(Beginning of Materials provided)

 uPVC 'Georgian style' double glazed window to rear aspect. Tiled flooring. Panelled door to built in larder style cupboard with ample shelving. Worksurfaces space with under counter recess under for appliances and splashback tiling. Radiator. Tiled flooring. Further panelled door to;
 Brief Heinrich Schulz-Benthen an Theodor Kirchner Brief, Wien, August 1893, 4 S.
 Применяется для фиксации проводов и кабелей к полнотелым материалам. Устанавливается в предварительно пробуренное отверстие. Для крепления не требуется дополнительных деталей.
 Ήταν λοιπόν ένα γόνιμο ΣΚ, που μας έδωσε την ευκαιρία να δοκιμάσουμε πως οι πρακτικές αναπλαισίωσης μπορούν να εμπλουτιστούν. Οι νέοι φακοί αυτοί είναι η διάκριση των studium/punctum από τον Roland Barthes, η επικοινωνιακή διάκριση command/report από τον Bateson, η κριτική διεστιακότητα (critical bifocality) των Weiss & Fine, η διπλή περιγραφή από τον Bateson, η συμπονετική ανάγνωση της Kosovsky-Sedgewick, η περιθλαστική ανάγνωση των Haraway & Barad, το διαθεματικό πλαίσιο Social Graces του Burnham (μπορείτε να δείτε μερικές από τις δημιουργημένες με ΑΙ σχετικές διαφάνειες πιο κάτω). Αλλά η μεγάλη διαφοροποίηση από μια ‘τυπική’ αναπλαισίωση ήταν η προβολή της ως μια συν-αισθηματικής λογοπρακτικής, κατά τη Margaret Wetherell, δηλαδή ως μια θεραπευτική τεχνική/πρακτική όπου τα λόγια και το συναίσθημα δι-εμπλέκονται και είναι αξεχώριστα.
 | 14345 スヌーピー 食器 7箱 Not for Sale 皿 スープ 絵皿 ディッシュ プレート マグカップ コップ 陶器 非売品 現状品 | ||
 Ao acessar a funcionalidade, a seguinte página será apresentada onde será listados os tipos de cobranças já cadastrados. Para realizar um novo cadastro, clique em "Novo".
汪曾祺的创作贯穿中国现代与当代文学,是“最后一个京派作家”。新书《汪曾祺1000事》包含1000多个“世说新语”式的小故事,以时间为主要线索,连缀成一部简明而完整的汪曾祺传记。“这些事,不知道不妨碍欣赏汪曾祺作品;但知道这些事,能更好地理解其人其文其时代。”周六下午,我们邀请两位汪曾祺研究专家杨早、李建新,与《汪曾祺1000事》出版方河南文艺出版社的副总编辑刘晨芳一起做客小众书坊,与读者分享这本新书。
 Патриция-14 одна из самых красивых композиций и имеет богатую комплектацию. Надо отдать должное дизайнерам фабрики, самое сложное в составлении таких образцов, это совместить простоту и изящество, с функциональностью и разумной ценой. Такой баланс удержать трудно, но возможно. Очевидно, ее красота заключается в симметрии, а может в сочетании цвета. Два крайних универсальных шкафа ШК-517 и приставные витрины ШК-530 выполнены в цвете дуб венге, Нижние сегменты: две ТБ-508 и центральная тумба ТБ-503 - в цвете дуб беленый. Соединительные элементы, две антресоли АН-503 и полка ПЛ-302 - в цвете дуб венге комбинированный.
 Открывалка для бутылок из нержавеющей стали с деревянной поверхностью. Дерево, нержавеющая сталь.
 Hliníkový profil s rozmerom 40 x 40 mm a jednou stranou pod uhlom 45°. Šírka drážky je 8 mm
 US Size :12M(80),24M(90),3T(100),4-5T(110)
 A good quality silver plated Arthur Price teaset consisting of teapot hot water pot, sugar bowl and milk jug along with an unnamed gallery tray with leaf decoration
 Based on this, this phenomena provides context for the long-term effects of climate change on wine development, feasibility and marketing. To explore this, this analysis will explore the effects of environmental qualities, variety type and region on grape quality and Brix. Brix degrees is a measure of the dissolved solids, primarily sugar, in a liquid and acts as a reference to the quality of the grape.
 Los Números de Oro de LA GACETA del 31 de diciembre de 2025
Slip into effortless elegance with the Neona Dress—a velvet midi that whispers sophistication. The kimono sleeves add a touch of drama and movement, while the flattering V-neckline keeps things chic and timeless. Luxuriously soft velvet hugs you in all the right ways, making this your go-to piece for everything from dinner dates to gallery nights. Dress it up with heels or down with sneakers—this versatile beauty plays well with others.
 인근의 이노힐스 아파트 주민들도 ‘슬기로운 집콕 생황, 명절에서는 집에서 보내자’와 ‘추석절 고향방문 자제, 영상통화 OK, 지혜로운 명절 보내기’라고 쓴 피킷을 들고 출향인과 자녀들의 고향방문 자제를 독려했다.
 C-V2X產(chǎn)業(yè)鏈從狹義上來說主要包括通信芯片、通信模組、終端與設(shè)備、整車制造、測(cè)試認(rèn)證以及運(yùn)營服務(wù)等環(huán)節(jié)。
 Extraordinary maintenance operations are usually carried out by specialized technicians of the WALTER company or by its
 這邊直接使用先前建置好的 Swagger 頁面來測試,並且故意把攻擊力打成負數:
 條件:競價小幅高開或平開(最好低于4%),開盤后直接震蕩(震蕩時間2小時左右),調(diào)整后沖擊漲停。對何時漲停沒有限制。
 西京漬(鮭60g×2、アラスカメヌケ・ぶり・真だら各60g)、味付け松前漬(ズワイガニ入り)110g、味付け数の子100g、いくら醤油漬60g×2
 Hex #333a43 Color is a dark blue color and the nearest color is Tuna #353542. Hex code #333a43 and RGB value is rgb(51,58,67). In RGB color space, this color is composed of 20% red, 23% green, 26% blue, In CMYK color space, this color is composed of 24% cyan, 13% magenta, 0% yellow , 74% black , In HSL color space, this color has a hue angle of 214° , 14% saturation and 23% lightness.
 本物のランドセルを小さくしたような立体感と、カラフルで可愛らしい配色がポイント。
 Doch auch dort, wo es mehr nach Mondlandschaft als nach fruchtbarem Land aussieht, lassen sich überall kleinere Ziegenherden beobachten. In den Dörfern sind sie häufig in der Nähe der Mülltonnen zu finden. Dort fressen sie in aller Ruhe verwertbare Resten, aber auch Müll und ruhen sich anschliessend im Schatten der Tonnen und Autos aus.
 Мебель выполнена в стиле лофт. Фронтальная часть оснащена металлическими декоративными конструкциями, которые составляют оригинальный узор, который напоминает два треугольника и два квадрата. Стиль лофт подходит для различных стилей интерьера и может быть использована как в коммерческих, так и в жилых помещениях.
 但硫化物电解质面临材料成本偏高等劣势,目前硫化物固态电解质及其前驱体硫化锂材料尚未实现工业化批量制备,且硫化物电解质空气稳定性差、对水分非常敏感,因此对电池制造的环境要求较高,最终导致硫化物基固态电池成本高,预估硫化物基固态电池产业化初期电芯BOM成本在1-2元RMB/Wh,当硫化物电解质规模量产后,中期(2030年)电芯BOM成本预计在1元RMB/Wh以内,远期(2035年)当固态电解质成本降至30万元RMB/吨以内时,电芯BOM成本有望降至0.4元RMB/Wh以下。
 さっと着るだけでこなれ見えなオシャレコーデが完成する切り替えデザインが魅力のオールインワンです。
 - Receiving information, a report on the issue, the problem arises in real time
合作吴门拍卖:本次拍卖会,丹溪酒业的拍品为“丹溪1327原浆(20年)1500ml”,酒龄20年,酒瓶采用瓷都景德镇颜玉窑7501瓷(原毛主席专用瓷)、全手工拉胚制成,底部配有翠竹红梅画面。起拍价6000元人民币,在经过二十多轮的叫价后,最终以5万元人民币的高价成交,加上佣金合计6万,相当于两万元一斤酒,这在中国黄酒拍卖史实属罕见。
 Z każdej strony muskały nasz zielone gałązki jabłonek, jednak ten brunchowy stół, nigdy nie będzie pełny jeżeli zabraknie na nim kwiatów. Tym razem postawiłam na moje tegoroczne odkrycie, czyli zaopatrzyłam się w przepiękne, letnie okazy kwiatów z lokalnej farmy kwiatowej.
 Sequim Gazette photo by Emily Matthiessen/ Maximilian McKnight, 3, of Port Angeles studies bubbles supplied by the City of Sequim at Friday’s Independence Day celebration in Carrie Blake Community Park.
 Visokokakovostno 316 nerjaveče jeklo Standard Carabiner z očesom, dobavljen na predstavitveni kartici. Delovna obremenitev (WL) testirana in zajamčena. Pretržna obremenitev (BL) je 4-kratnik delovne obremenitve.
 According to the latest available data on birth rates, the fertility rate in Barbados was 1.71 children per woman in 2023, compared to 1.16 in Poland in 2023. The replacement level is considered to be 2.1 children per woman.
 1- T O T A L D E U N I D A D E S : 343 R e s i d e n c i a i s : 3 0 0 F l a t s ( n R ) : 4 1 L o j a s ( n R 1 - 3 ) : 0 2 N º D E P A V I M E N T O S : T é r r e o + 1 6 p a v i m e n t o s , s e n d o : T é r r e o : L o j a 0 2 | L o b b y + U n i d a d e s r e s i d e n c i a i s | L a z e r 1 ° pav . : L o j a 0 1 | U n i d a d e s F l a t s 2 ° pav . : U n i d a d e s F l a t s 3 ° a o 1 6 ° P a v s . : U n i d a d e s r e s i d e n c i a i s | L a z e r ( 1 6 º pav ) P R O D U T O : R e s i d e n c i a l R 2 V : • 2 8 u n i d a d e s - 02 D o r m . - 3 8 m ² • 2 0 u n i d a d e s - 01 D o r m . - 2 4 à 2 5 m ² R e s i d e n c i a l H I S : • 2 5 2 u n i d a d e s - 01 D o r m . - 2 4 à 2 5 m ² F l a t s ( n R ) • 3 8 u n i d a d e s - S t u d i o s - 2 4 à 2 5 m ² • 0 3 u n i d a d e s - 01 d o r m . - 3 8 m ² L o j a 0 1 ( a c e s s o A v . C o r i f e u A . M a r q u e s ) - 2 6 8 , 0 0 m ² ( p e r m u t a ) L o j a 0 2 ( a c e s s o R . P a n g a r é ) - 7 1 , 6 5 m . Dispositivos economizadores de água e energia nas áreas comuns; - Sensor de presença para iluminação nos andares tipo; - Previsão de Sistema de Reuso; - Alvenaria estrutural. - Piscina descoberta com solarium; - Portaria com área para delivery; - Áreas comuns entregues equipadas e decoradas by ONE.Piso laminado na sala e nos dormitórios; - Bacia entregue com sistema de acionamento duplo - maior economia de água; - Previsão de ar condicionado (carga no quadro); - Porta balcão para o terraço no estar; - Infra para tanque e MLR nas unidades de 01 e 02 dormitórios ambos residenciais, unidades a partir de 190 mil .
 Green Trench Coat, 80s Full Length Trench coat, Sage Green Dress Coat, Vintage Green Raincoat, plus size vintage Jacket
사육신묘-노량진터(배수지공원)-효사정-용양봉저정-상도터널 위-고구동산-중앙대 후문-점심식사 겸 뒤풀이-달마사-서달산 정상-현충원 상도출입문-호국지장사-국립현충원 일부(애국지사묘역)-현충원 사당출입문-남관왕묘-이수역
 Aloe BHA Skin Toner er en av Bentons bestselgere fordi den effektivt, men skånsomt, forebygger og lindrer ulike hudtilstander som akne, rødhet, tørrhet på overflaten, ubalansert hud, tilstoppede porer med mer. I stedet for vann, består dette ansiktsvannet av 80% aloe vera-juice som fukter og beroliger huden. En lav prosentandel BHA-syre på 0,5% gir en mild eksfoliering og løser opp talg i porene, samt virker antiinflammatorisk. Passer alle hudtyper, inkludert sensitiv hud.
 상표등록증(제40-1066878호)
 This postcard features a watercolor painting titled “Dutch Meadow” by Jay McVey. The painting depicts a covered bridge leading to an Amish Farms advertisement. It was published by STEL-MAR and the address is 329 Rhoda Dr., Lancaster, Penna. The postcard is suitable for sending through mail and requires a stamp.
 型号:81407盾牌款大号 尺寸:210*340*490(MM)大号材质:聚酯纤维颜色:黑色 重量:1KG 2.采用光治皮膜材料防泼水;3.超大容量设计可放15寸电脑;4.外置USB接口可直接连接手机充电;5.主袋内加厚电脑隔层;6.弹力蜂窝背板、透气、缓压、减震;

(End of Materials provided)

▸ **Assigned task**
Among the records above, only the lines between the line holding "Открывалка для бутылок" and the line holding "A good quality", inclusive, are to be output, exactly as written.

▸ **Answer to the problem**
 Открывалка для бутылок из нержавеющей стали с деревянной поверхностью. Дерево, нержавеющая сталь.
 Hliníkový profil s rozmerom 40 x 40 mm a jednou stranou pod uhlom 45°. Šírka drážky je 8 mm
 US Size :12M(80),24M(90),3T(100),4-5T(110)
 A good quality silver plated Arthur Price teaset consisting of teapot hot water pot, sugar bowl and milk jug along with an unnamed gallery tray with leaf decoration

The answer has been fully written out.